What you need to know about robo-advisers

By Ken Tysiac

Robo-advisers represent a substantial segment of the financial services industry, and their rise presents challenges to the investment advisers who operate them and the investors who use their services.

Popular especially with younger, tech-savvy investors, robo-advisers use computer algorithms to provide investment advisory services online, often with limited human interaction. These services may charge lower fees but may not provide the level of personal service that traditional investment advisers deliver.

Information and guidance related to robo-advisers for both investment advisers and investors was published Thursday by the SEC.

The SEC’s Division of Investment Management issued guidance for investment advisers on meeting disclosure, suitability, and compliance obligations under the Investment Advisers Act of 1940. The guidance includes suggestions that a robo-adviser:

  • Should consider providing clients with a statement that an algorithm is used to manage individual client accounts, a description of the algorithmic functions used, and a description of the assumptions and limitations of that function.
  • May wish to consider whether its client questionnaires elicit sufficient information from clients to conclude that its investment advice is suitable and appropriate for the client.
  • Should consider adopting written policies and procedures in addition to those that address issues relevant to traditional investment advisers. Additional policies and procedures may address areas such as the development, testing, and backtesting of the algorithmic code; disclosure to clients of changes to the algorithmic code that may affect their portfolios; and cybersecurity issues.

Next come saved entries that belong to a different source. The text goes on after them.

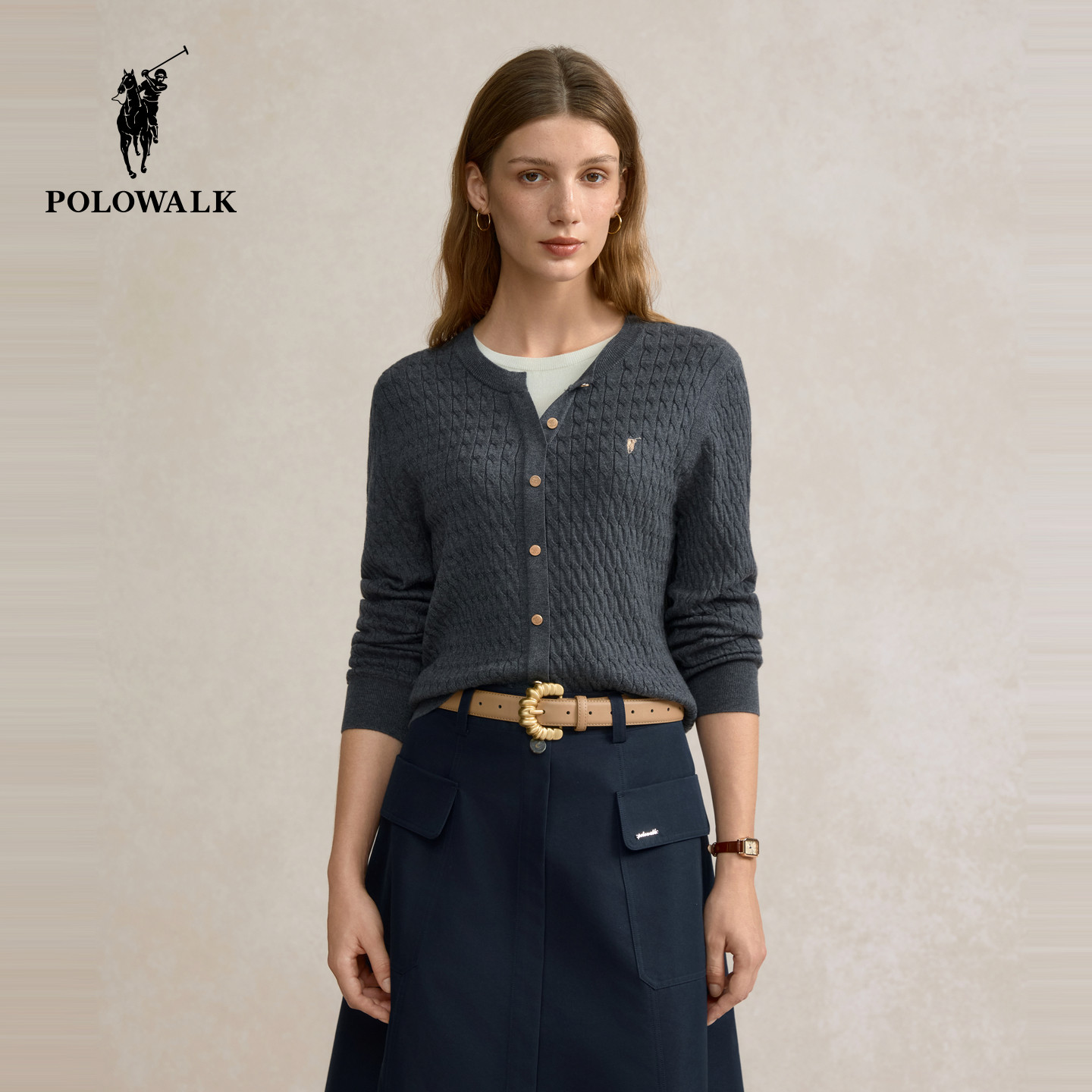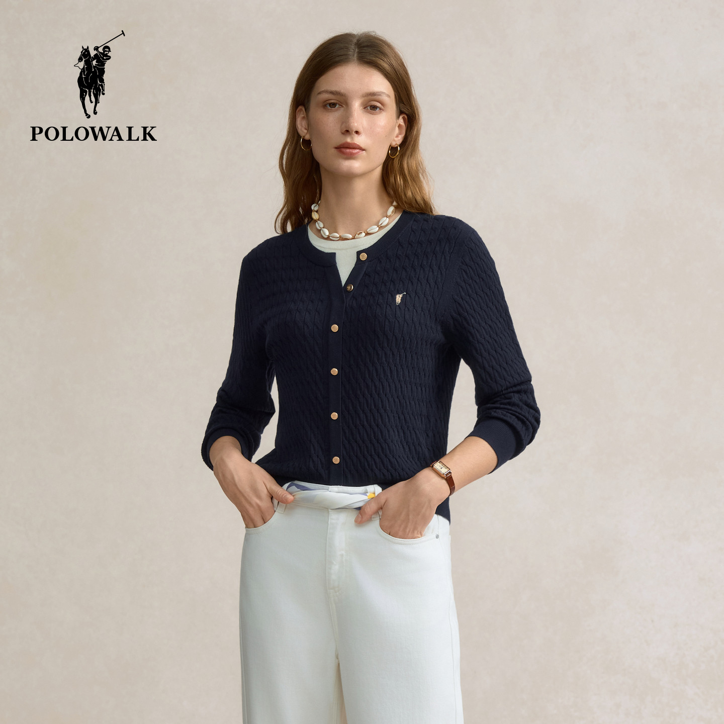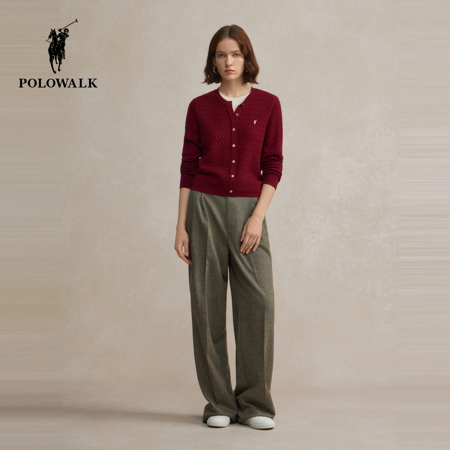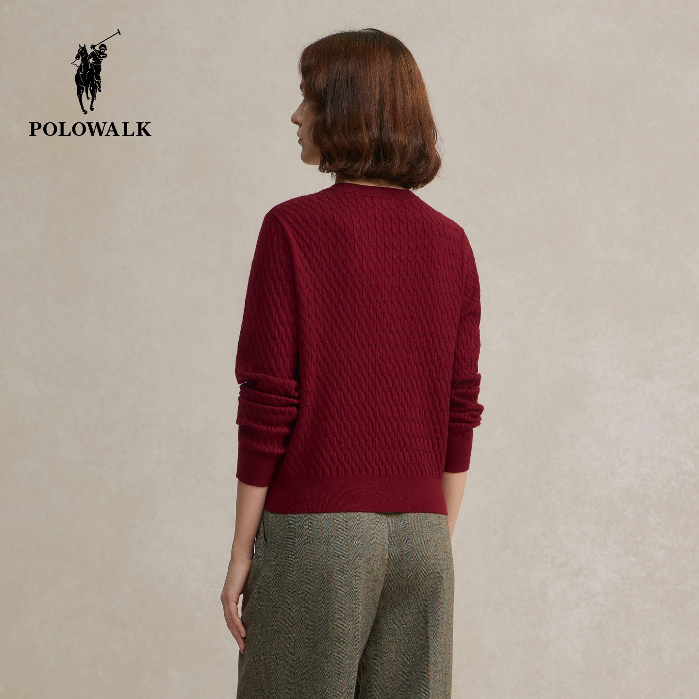 【特惠】POLOWALK女士绞花毛衣针织衫开衫薄款新年红内搭上衣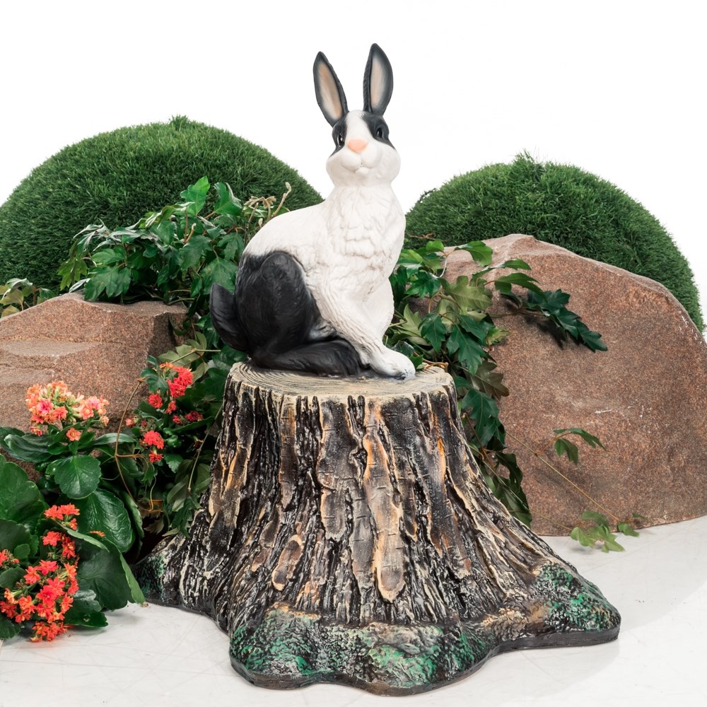 Фигура для сада Заяц на пне F07062-WBL, полистоун, белый с чёрным, 65 см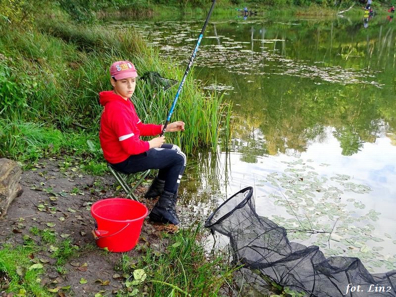 Nad brzegiem jeziora stawiło się szesnastu zawodników wraz z opiekunami, rodzicami. Młodsza grupa dzieci wędkowała 2 godz., a starsza grupa 2,5 godz. Sportowa rywalizacja odbyła się na żywej rybie, co oznacza, że po zważeniu rybki w dobrej kondycji powróciły z powrotem do jeziora. W trakcie oczekiwania na końcowe wyniki dzieci i opiekunowie zaproszeni zostali do wspólnego pieczenia kiełbasek.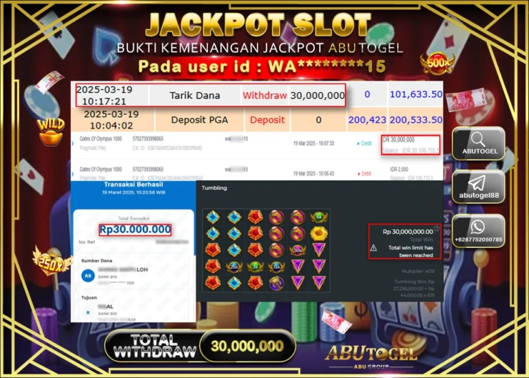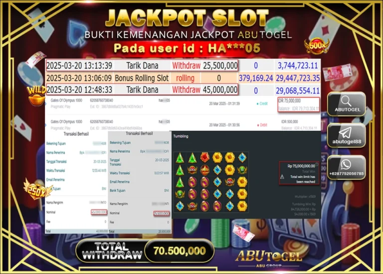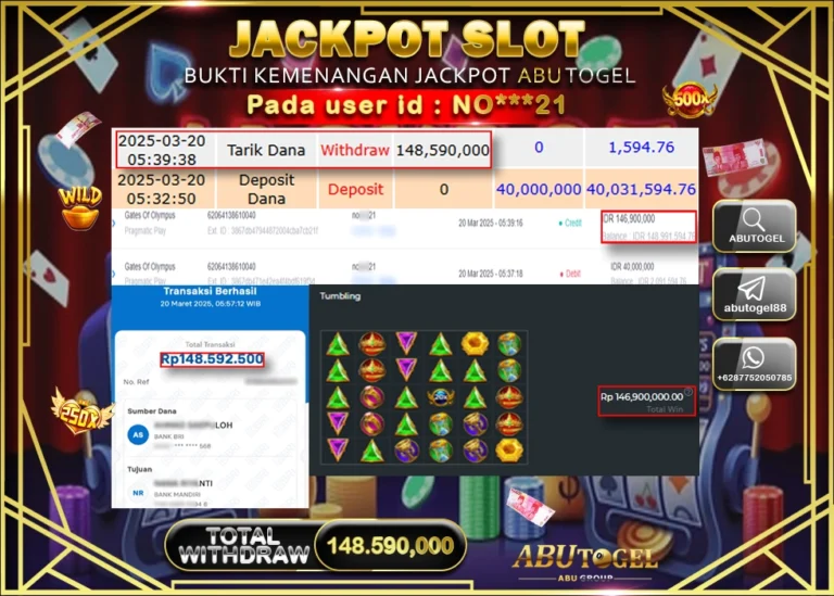 Bukti Jackpot ABUTOGEL Slot Online Kamis 20 Maret 2025 - ABUTOGEL adalah situs slot gacor maxwin terpercaya. Berikut ini kami berikan...

Meanwhile, the SEC’s Office of Investor Education and Advocacy issued an investor bulletin containing information investors may need to make good decisions if they consider using robo-advisers. According to the bulletin, investors may wish to consider:

  • How much human interaction is important to them, their level of financial literacy, and how often they will have contact with the robo-adviser.
  • What information the robo-adviser is using to create its investment recommendations.
  • What the robo-adviser’s approach is to investing.
  • What fees and costs the robo-adviser will charge.
  • Information about the robo-adviser’s licensing and registration.

“As technology continues to improve and make profound changes to the financial services industry, it’s important for regulators to assess its impact on U.S. markets and give thoughtful guidance to market participants,” SEC Acting Chairman Michael Piwowar said in a news release.